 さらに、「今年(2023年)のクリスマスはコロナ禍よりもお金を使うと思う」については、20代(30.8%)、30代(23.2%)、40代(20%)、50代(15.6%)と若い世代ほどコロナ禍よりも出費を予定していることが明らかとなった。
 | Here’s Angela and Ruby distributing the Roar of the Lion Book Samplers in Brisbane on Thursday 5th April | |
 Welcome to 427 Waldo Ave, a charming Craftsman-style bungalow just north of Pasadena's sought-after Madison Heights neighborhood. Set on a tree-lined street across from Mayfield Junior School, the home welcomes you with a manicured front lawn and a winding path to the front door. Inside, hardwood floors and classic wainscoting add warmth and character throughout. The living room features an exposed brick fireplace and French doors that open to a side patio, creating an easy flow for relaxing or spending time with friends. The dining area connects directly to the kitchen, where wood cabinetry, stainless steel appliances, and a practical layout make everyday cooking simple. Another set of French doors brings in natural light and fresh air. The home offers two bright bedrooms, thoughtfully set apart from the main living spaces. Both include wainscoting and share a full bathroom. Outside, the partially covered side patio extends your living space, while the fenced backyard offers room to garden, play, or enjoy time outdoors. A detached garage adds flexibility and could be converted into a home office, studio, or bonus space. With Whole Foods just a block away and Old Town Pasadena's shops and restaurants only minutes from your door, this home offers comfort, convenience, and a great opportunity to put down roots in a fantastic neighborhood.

==

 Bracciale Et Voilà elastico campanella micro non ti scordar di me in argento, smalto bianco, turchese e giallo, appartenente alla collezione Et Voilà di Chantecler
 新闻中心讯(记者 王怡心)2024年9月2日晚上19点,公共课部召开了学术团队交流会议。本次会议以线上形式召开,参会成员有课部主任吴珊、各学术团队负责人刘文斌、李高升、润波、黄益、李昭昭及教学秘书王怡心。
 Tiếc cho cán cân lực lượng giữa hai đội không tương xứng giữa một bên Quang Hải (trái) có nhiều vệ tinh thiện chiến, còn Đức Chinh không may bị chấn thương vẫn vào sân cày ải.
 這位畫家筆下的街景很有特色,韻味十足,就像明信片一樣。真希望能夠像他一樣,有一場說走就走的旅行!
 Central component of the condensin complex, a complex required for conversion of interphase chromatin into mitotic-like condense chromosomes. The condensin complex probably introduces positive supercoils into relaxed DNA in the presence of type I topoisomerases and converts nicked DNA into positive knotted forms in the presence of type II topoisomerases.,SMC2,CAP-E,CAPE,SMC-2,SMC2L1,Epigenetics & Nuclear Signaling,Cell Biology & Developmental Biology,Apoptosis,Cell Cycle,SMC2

Task statement:
Give the count of lines in the listing where the word "into" occurs, with no further words.

Answer to the problem:
2